Neben der Arbeit in Nischensegmenten liegt die Zukunft für viele junge oder auch nicht mehr ganz so junge Menschen darin, im Home Office zu arbeiten. Denn dank Smartphones, Apps und der ständigen Vernetztheit können zum Beispiel Journalisten, Assistenten, Webdesigner oder Programmierer einen großen Teil ihrer Arbeit von zuhause aus erledigen. Dies spart Arbeitsweg, gibt mehr Zeit mit der Familie und ermöglicht außerdem das sogenannte Digitale Nomadentum: Wer gern reist, kann dies in einem „remote job“ mit der Arbeit verknüpfen! Denn Digitale Nomaden können prinzipiell von jedem Ort der Welt aus arbeiten.

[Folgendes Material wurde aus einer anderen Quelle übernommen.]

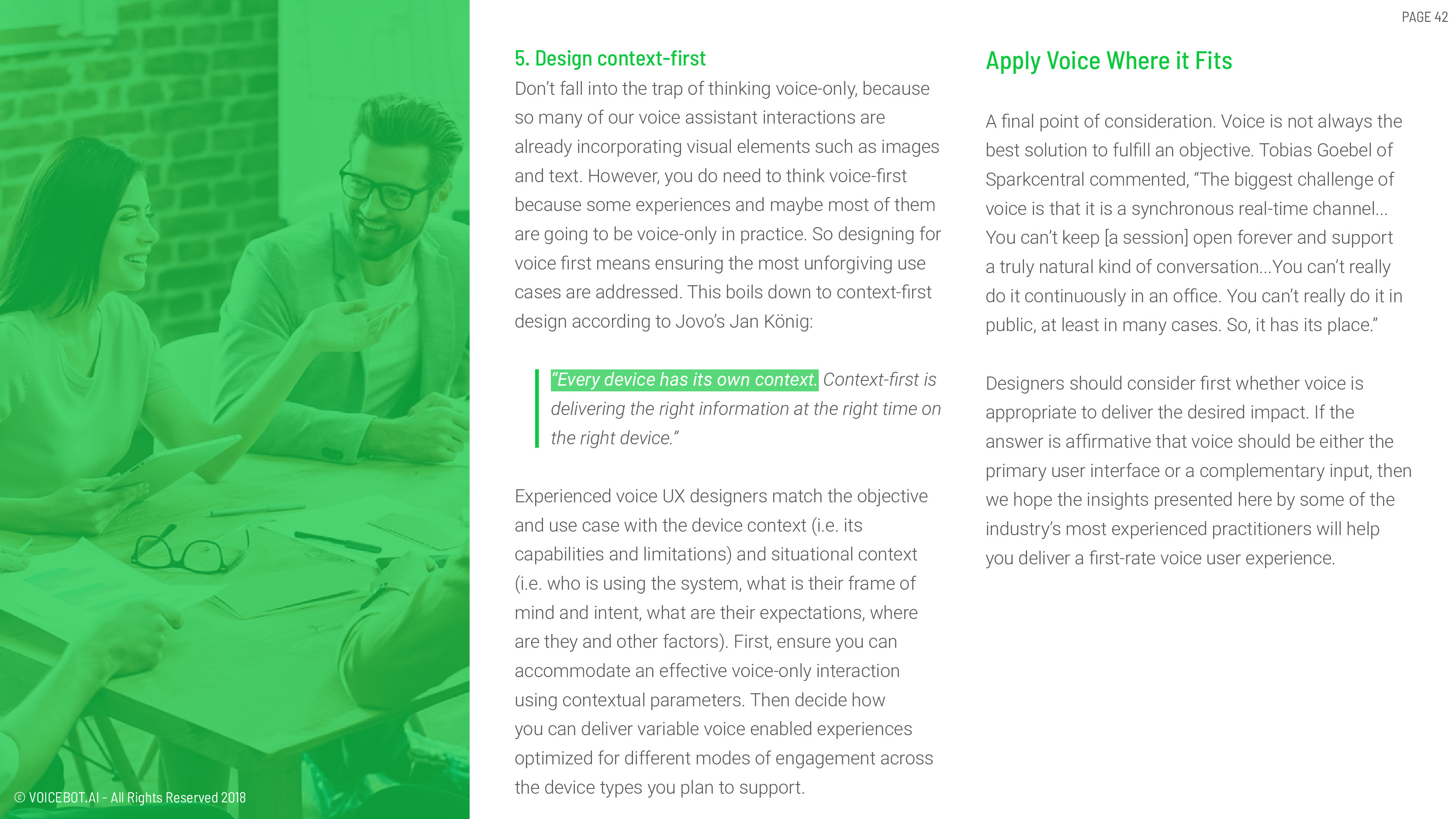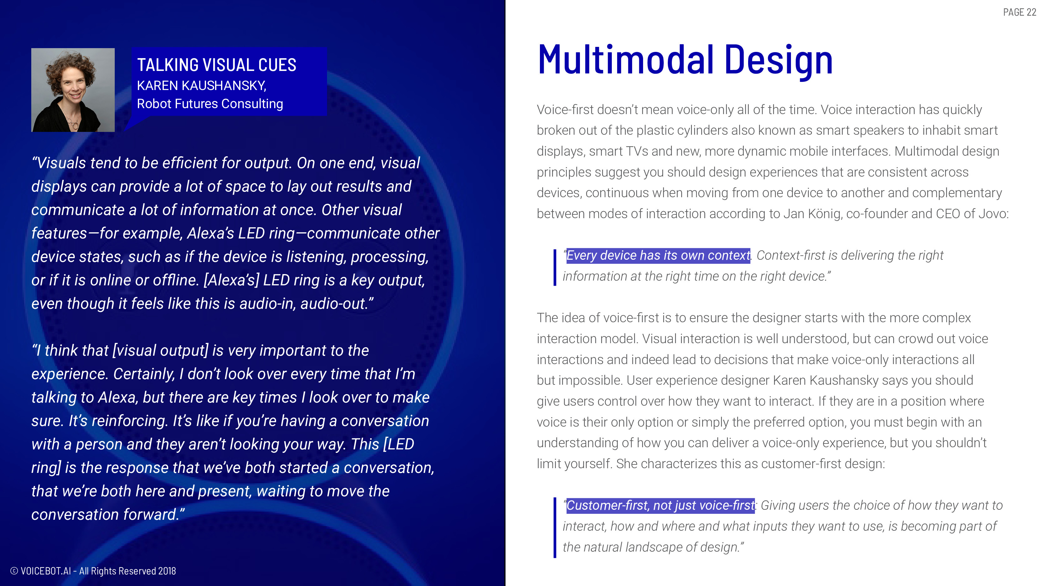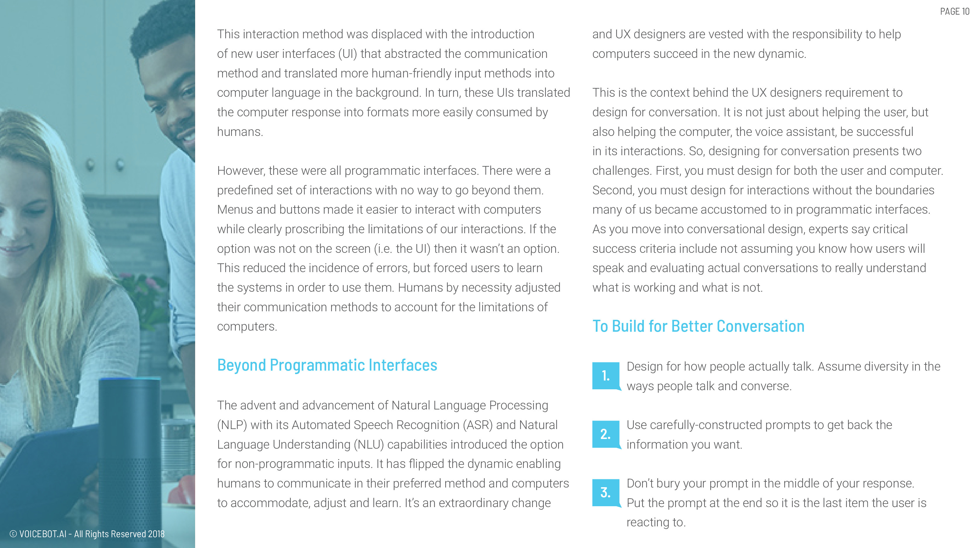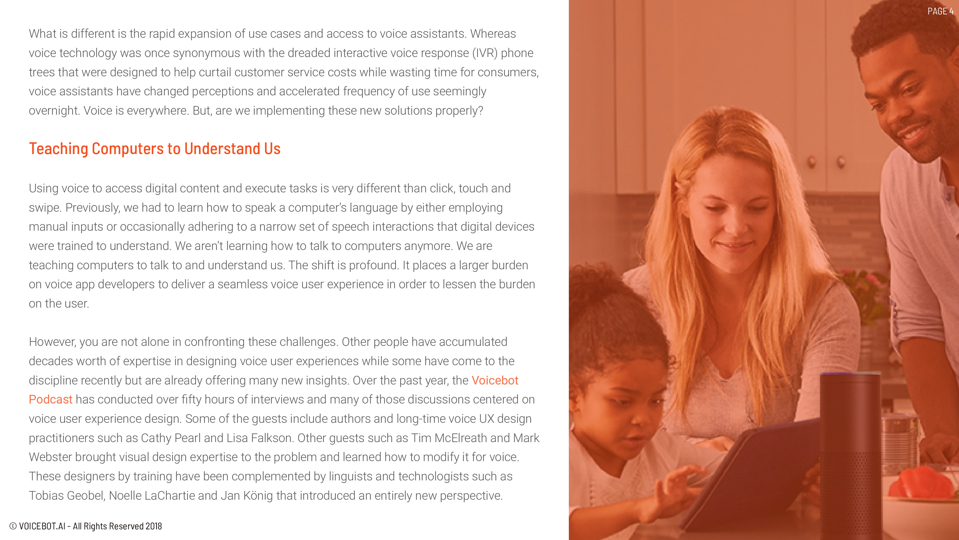 Voicebot.ai发布了“语音用户体验报告”。语音正在改变我们与个人设备交互的方式,即使在更大的环境中也是如此。例如,告诉Alexa设置一个10分钟的计时器,让Google智能助理拨打电话。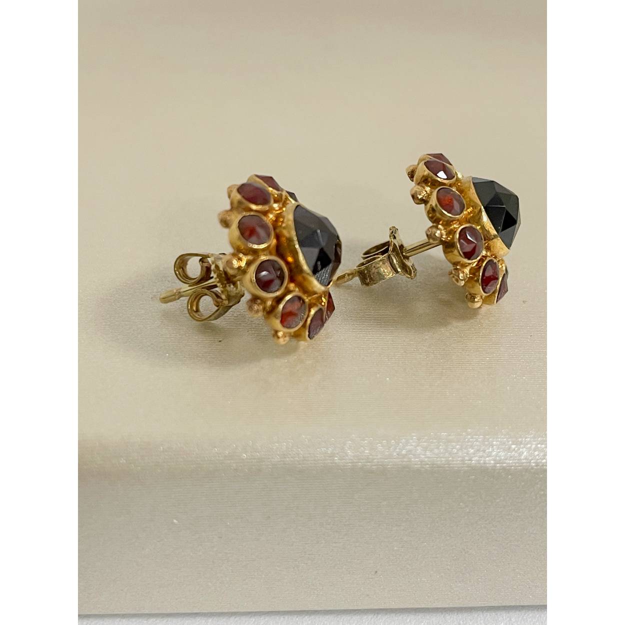 VINTAGE geelgouden oorstekers geslepen granaat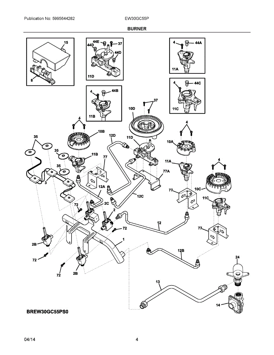 Combines spark igniter electrode with orifice holder for gas surface burners. Replace when cracked, broken, or no longer securely holding components in place.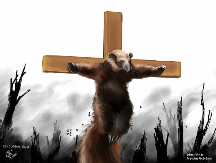 Mas é o tamanduá a vítima-símbolo, imortalizada na genialidade de um trio: Araquém Alcântara que clicou o bicho em fuga e sofrimento na Amazônia; Chico Marinho, que teve a ideia da charge e Renato Aroeira que desenhou – com todos os créditos, como se deve.
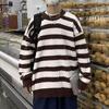 Striped sweater men's autumn and winter lazy Japanese loose coat retro trendy brand winter thickened long-sleeved knitted sweater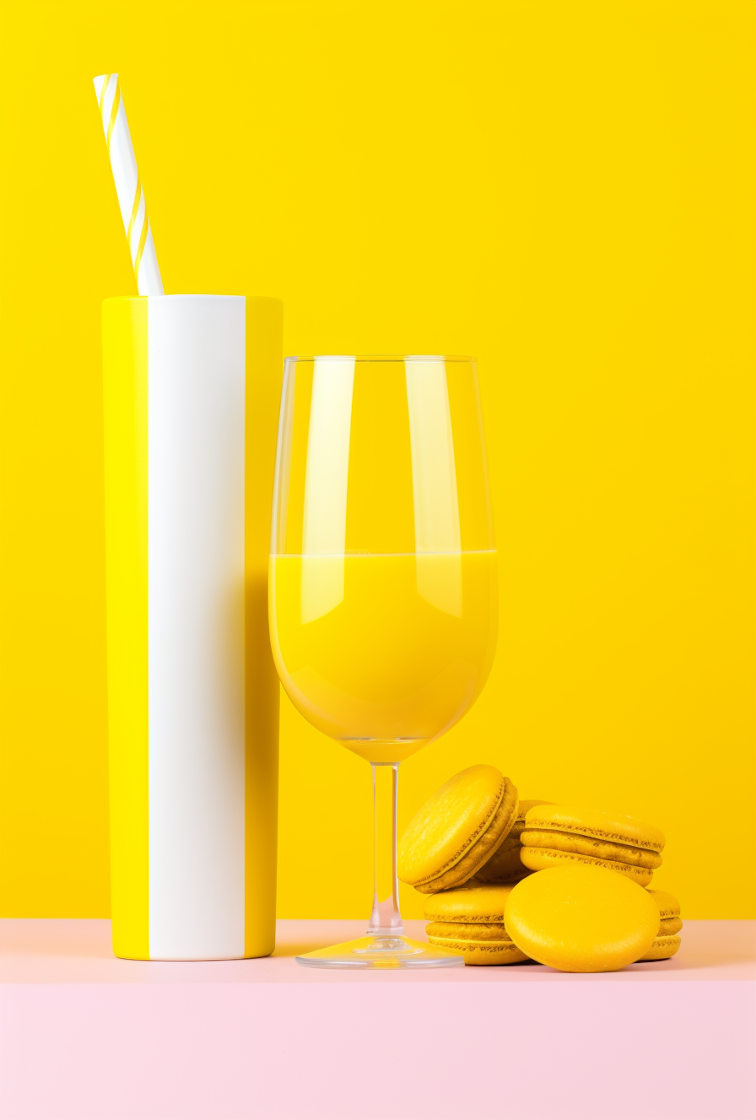 Bright yellow cup, glass, and macarons on a pink surface with a vivid yellow background. Cheerful and vibrant composition.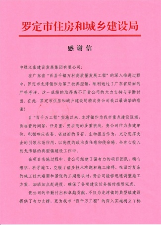 近日,中煤江南收到羅定市住房和城鄉(xiāng)建設(shè)局發(fā)來的感謝信,信中對中煤江南在“百千萬工程”中助力龍灣鎮(zhèn)典型鎮(zhèn)建設(shè)通過廣東省住房和城鄉(xiāng)建設(shè)廳考評,給予高度評價和誠摯感謝。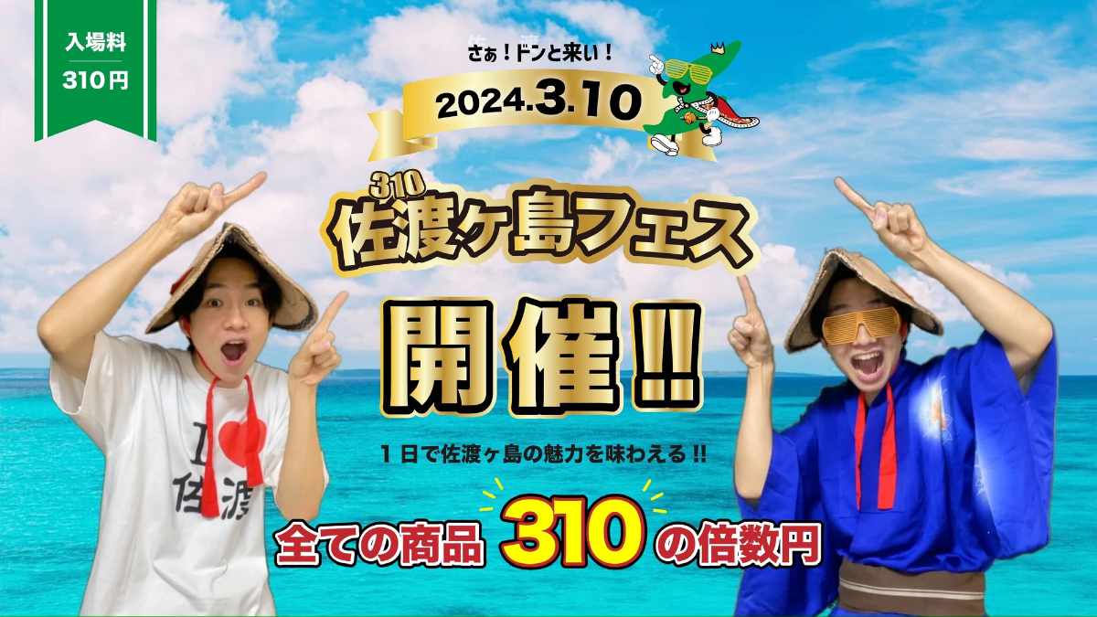 「佐渡ヶ島フェス2024」の開催が決定しました。けえ【島育ち】をイベントプロデューサーに、産品、文化など、佐渡の魅力がいっぱい詰まった楽しいフェスが開催されます。けえ【島育ち】と一緒に佐渡の日の新しいフェスを作りましょう!詳細は、公式ページをご覧ください。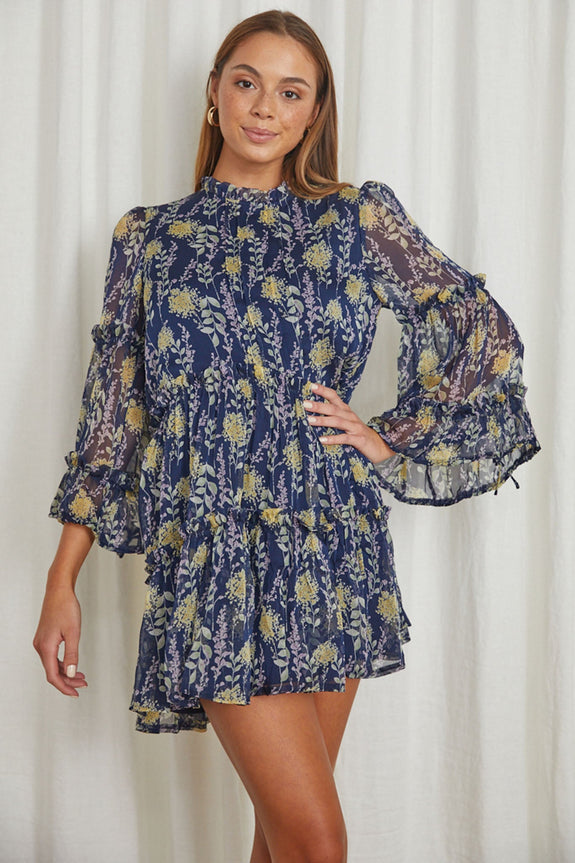 Beatrix High Neck Balloon Sleeve Dress Floral Midnight Blue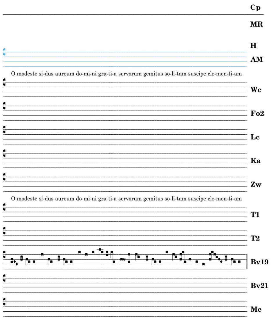 O modeste sidus aureum / domini gratia servorum gemitus / solitam suscipe / clementiam.

Wer diese Arbeitsweise ansprechend findet, sollte zunächst überlegen, ob die eigene Ausbildung oder bestimmte Fähigkeiten und Interessen sich dazu eignen, von verschiedenen Orten aus zu arbeiten. Die folgenden Berufe sind bei Digitalen Nomaden besonders beliebt:

  • Virtuelle Assistenz (VA)
  • Werbetexten
  • Freier Autor
  • Webdesigner oder Designer
  • Berater
  • Sprachlehrer
  • Yogalehrer oder Psychologe
  • Programmierer

Fazit: Auch ohne Ortsbindung, aber mit Internetverbindung zukünftig gut unterwegs

Unabhängig davon, für welche Richtung Selbständige sich entscheiden, eines steht fest: Für die Gründung eines Unternehmens muss man sich heutzutage weder an ein Büro noch an einen Ort binden! Immer mehr Digitale Nomaden sind in der ganzen Welt unterwegs. Dafür sind zunächst einmal nur ein Laptop sowie eine gute Internetverbindung nötig. Sprachkenntnisse sind dafür ein Muss, und wer sich noch dazu gut mit dem Computer auskennt, hat einen guten Start. Ob unterwegs als Digitaler Nomade oder von zuhause aus mit einem Online-Shop für Nischenprodukte, wichtig ist, dem Arbeitsmarkt clever gegenüberzutreten, die eigenen Fähigkeiten auszuschöpfen und sich das Internet zur Hilfe zu nehmen. Viel Glück!